## MATERIAL SHOWN
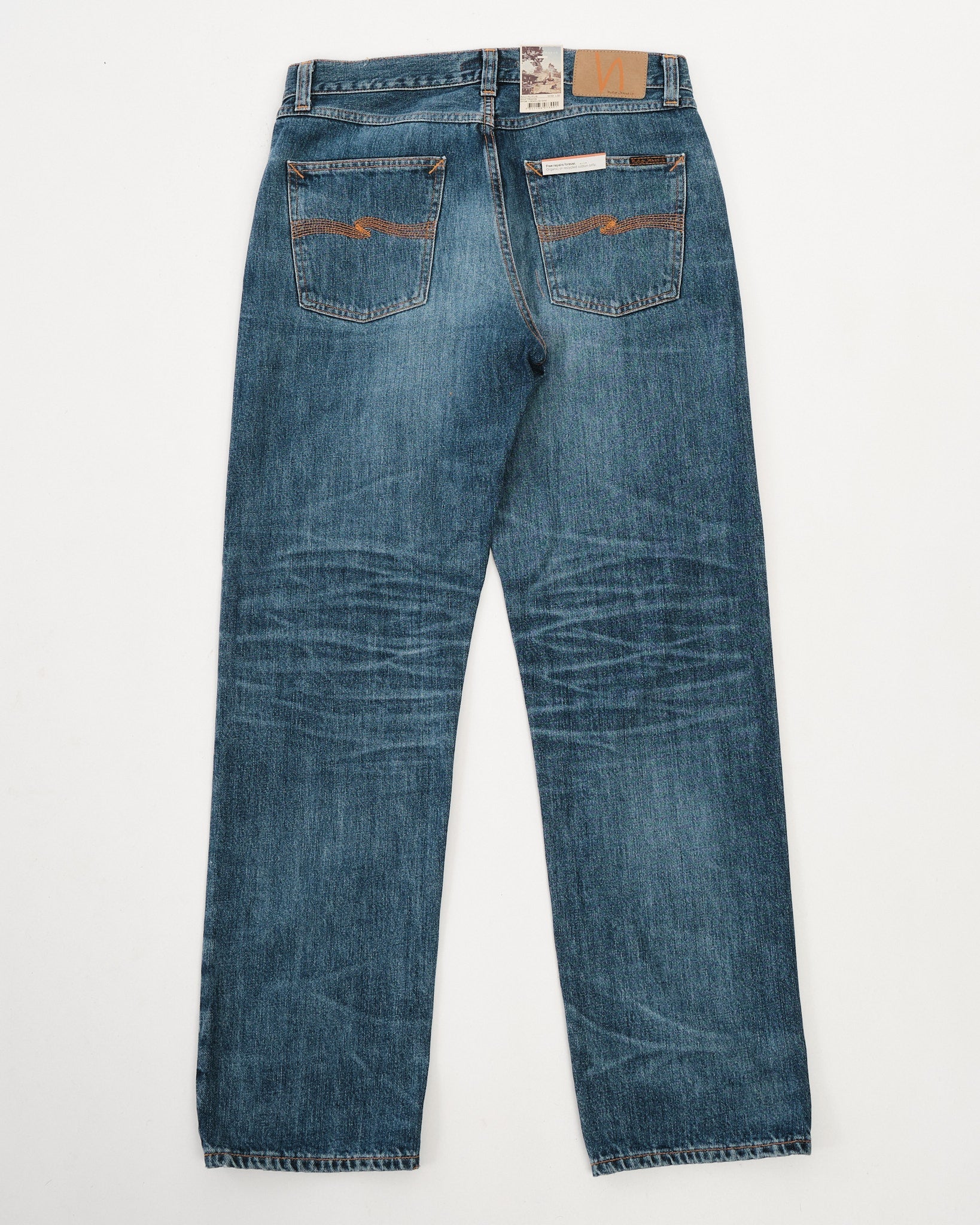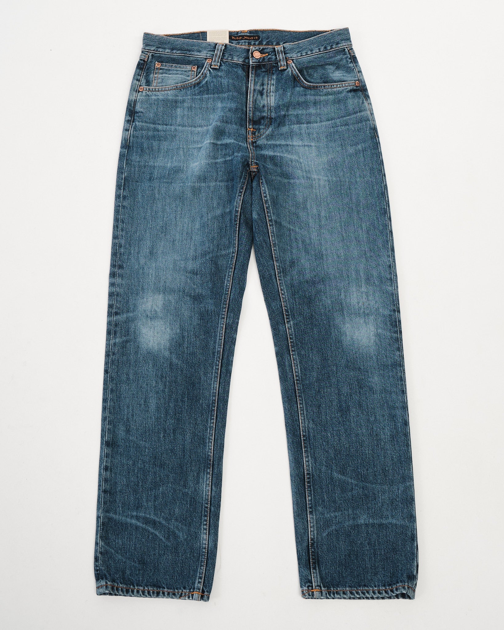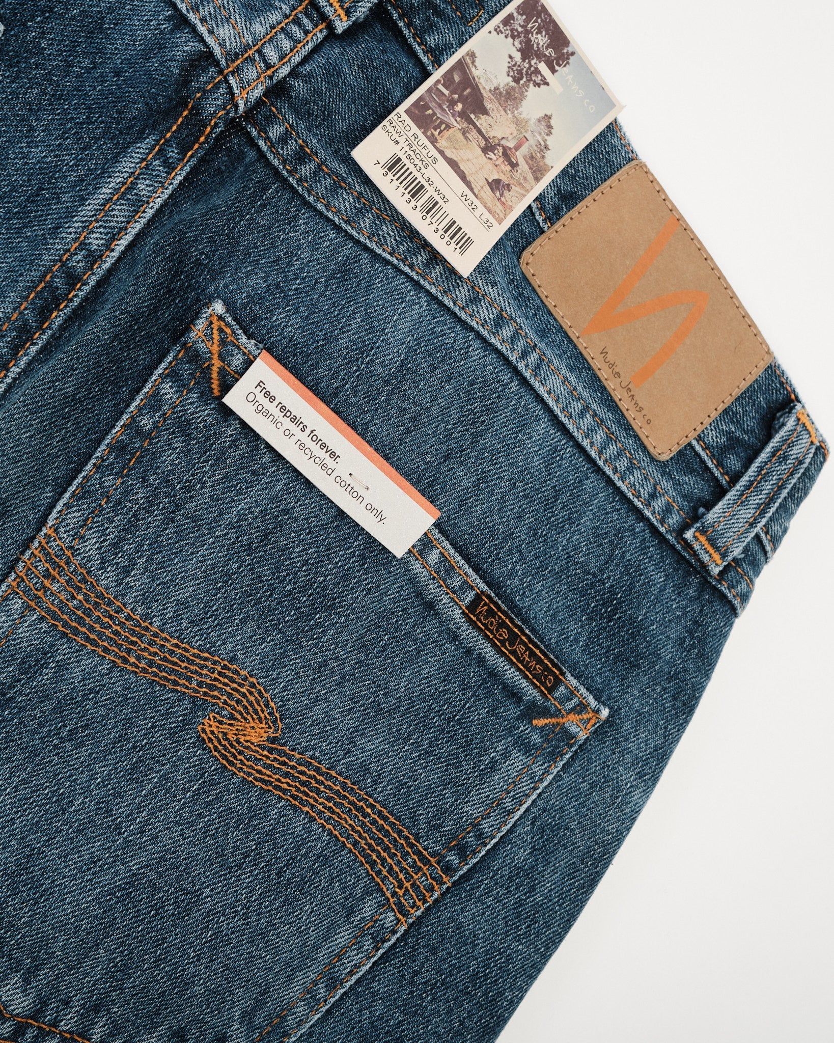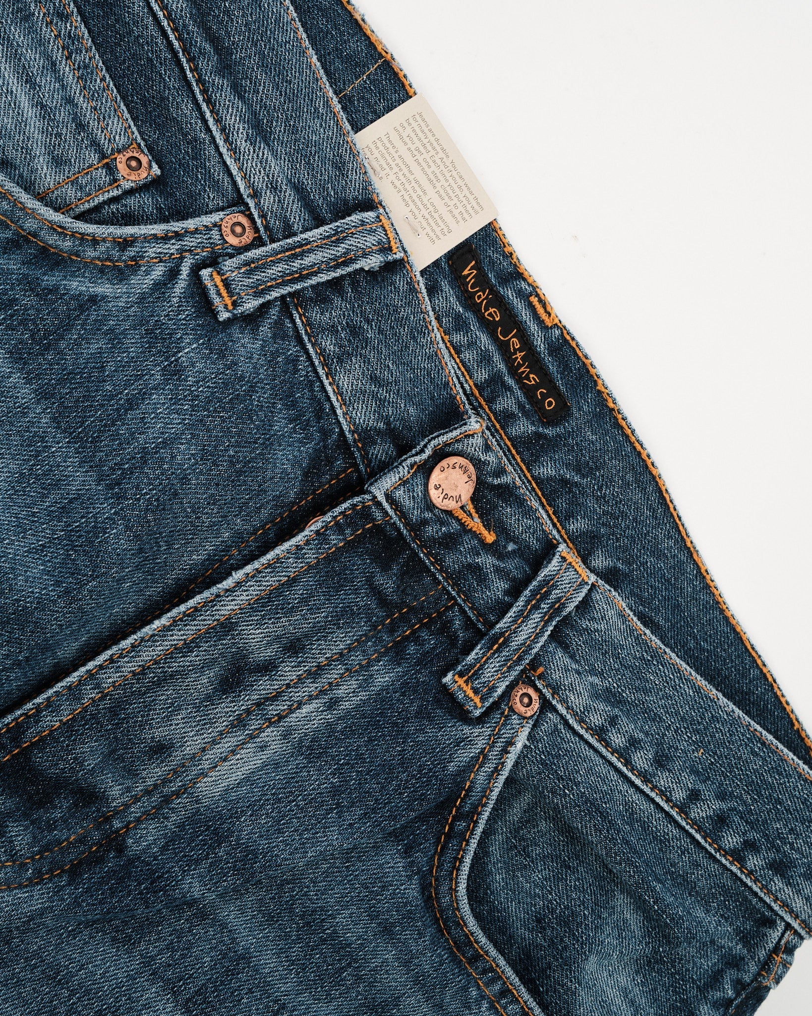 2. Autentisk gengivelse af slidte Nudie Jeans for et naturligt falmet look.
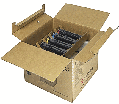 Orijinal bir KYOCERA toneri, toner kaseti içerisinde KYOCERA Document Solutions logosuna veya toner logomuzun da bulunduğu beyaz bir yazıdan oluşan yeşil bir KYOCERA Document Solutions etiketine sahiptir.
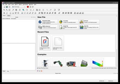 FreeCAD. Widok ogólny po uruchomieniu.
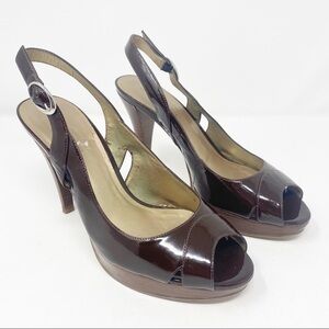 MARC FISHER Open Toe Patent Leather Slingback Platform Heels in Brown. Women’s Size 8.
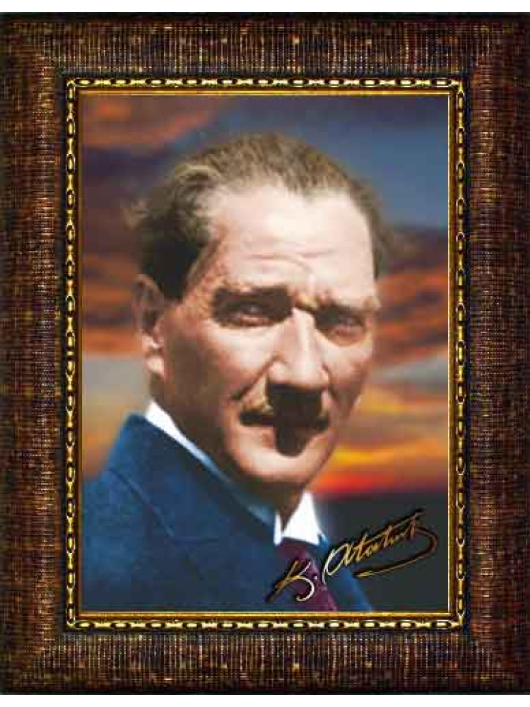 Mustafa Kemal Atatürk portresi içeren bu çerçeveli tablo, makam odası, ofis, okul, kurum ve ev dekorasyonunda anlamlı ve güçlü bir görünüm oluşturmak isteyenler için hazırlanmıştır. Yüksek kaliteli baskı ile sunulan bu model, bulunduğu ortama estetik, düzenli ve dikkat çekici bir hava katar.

## ABOUT THIS EXERCISE
Please return exactly, and only, the lines from the one containing "MARC FISHER Open" through the end of the records, with both end lines kept and every picture dropped.

## SOLUTION BELOW
 MARC FISHER Open Toe Patent Leather Slingback Platform Heels in Brown. Women’s Size 8.
 Mustafa Kemal Atatürk portresi içeren bu çerçeveli tablo, makam odası, ofis, okul, kurum ve ev dekorasyonunda anlamlı ve güçlü bir görünüm oluşturmak isteyenler için hazırlanmıştır. Yüksek kaliteli baskı ile sunulan bu model, bulunduğu ortama estetik, düzenli ve dikkat çekici bir hava katar.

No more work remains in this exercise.